Everyone wants those six-pack abs and that athletic looking body. The issue is not many of us are willing to make the sacrifices and put in the time necessary to attain such a goal. With the prevalence of quick fixes and ‘too good to be true” promises, we all know that nothing comes without some sweat equity, dedication and discipline. Today we will share a few tips on how to naturally boost your metabolism.

The typical attitude today is, “How can I get the most out of doing the least?” We are all guilty of this mindset.

Our sedentary, technology-filled lives are a big problem as are our poor diets and lifestyle choices. We can attribute those above to the spare tire, the extra pounds and the lethargy we all feel, be it acutely or chronically.

There are many studies today showing the correlation between sitting for extended periods vs. smoking and how the former is as harmful as the latter, if not more. Surely you have heard the headline – “Sitting Is The New Smoking.”

Not exercising is a huge detriment to your health, eating ultra-processed foods and sugar-laden diets are not only dangerous but killing you slowly.  

We are all creatures of habits and tend to become complacent. We enjoy our comfort zone and cannot be bothered to change our ways. The only constant in life is change, therefore being resistant to change goes against natural law.

Adaptability is our greatest ally and should be applied daily.  

Below we have compiled a list of action steps you can take to start changing your ways and changing your life.

This isn’t a one size fits all as we are all unique, but it is a starting point. We hope it will stimulate you to start using these approaches or to motivate you to find what works for you.

For the sake of repetition, please use what works for you and drop what doesn’t.

Tips to Naturally Boost Your Metabolism

COLDER TEMPERATURE

Cooler temperatures seem to increase people’s percentages of brown fat — which has been found to act more like muscle than actually fat. White fat is detrimental to our health. Brown fat, on the other hand, is found to be beneficial.

Some tips to keeping the white fat/brown fat conversion would include keeping your sleeping temperature in the range of 63-66 Fahrenheit (17-18.5 Celsius) at night. This has been shown to double the amounts of brown fat, which brought on more calories burned and higher metabolism.

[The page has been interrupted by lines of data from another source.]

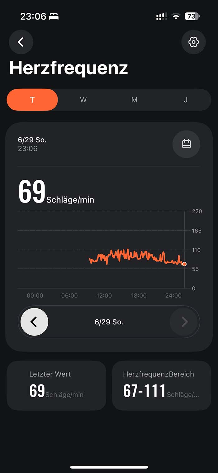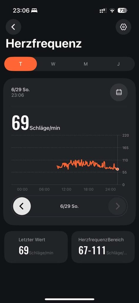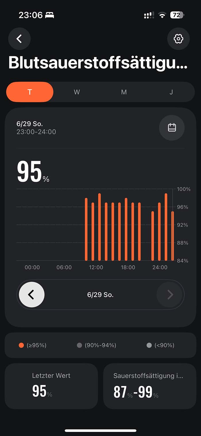 Auch im Alltag überzeugt die Sensorik. Die Uhr kann permanent den Puls messen, erkennt automatisch die Ruheherzfrequenz und liefert SpO₂-Messungen (Sauerstoffsättigung). Hier kann man auch einstellen, ob die Werte permanent oder in zeitlichen Abständen gemessen werden sollen, was sich natürlich auf die Akkulaufzeit auswirkt. Die Werte sind aus meiner Sicht plausibel und stimmen mit denen meiner Apple Watch überein.
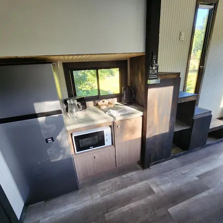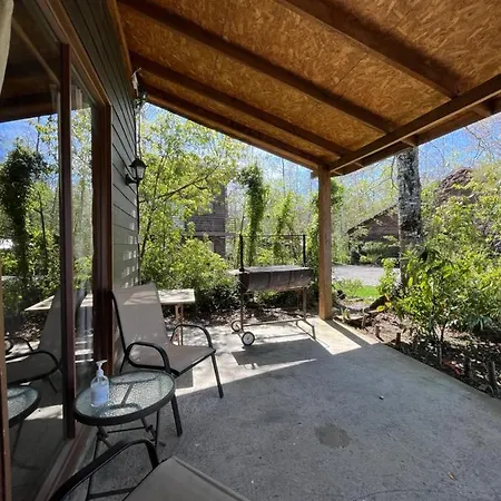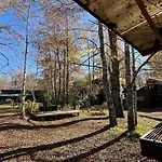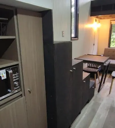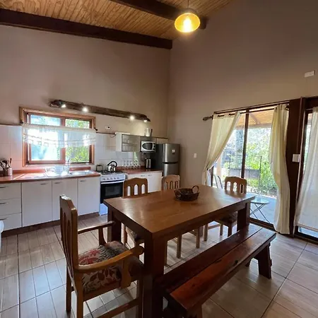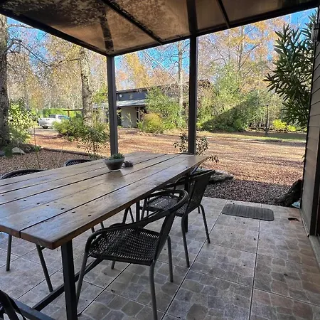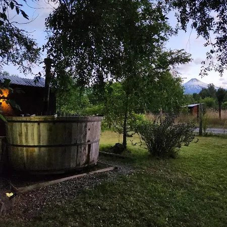 This Pucon accommodation is equipped with a microwave oven, a refrigerator, and a toaster for self-catering in an outdoor dining area.
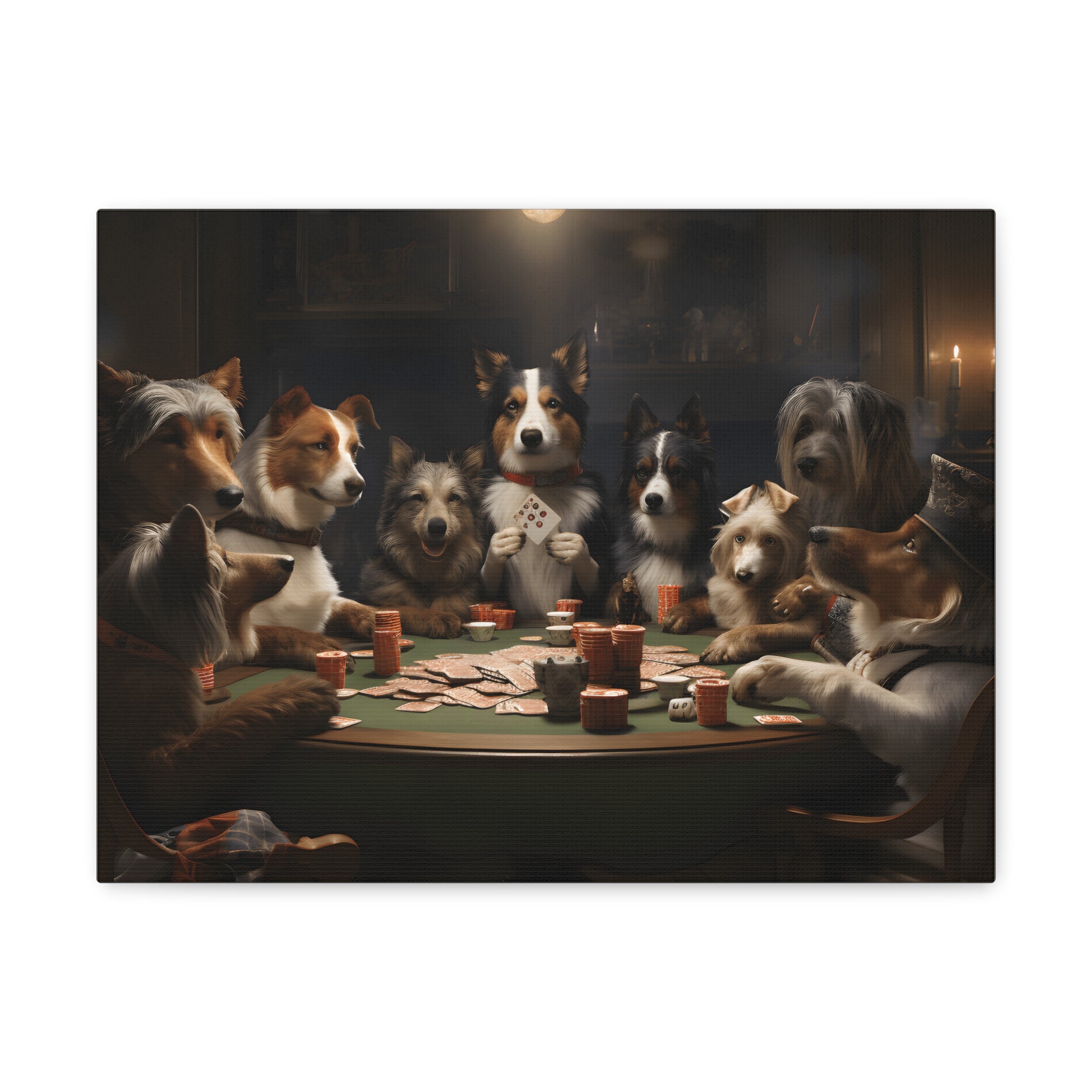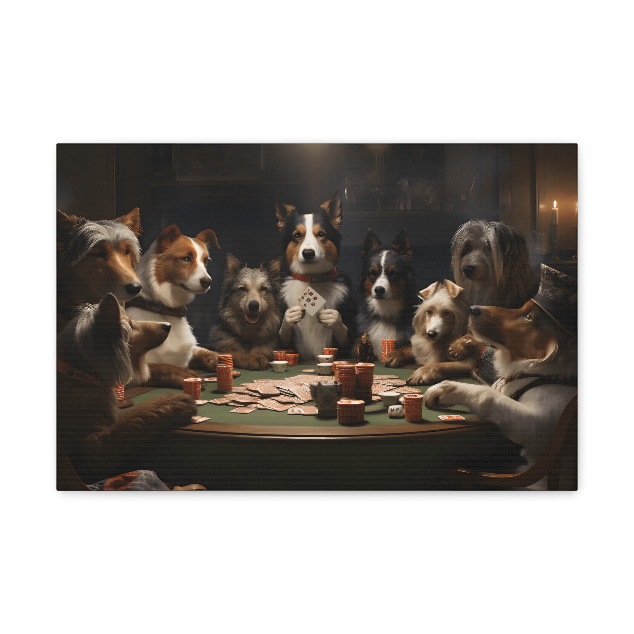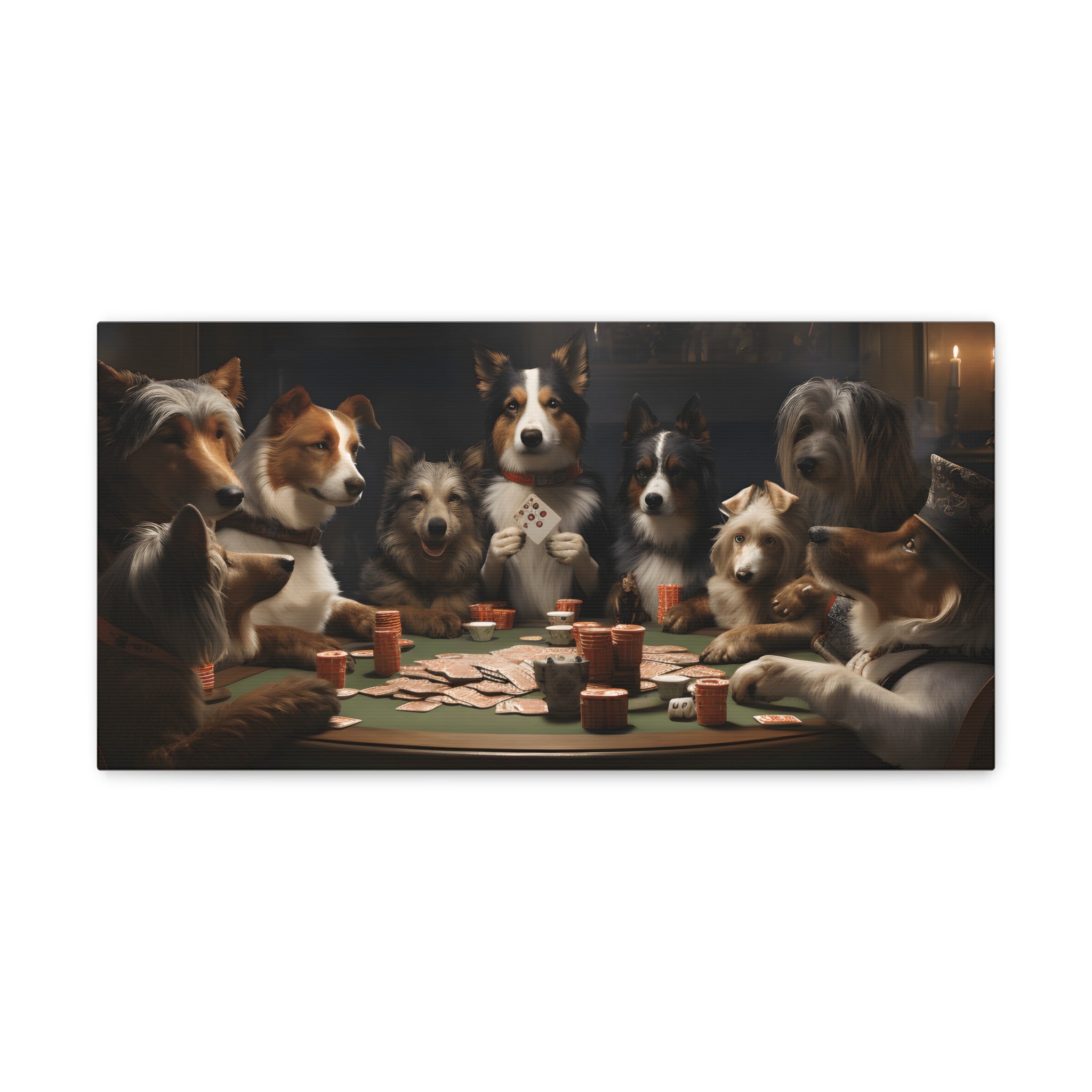 Different Dogs Playing Poker Animals Playing Card Canvas Wall Art for Home Decor Ready-to-Hang

Another bio-hack for converting white fat to brown is taking cold showers for 30-45 seconds.

The reason brown fat betters metabolism is due to the high amount of mitochondria. Mitochondria are little bacterial (good bacteria) organelles responsible for creating energy (ATP) in our body. They are like little generators to supply our body and cells with appropriate energy and survival.

STRESS CONTROL

This one is no surprise. Stress seems to be villainized for the majority of our afflictions and with good reason. The stress response or ‘fight or flight’ activates the hormone cortisol. Cortisol in the right amount is essential and healthy for our overall wellbeing, but when it runs astray and takes over, problems arise. One of those problems is high levels of cortisol and has to do with the worsening of our metabolism. This is directly related to the risk of obesity – in the long run.

Now, this is a very reductionist and over-simplified explanation, but none the less, this is the genesis of metabolic syndrome.

So, look for ways to reduce stress. Do anything that makes you relax. As we are all unique, you will have to try a few of the approaches below to reduce stress.

Ways to Reduce Stress:

Change Your Mindset

Change your Self-Talk – The conversations you have with yourself are a direct reflection of your mindset
Change your Language – Avoid phrases like “I am always like this” or “I am always doing this” for encouraging a growth mindset

Determine the mindset you need and act as if.
Learn & Apply – Read books from great minds to understand and adapt their thinking. We have included some great books below.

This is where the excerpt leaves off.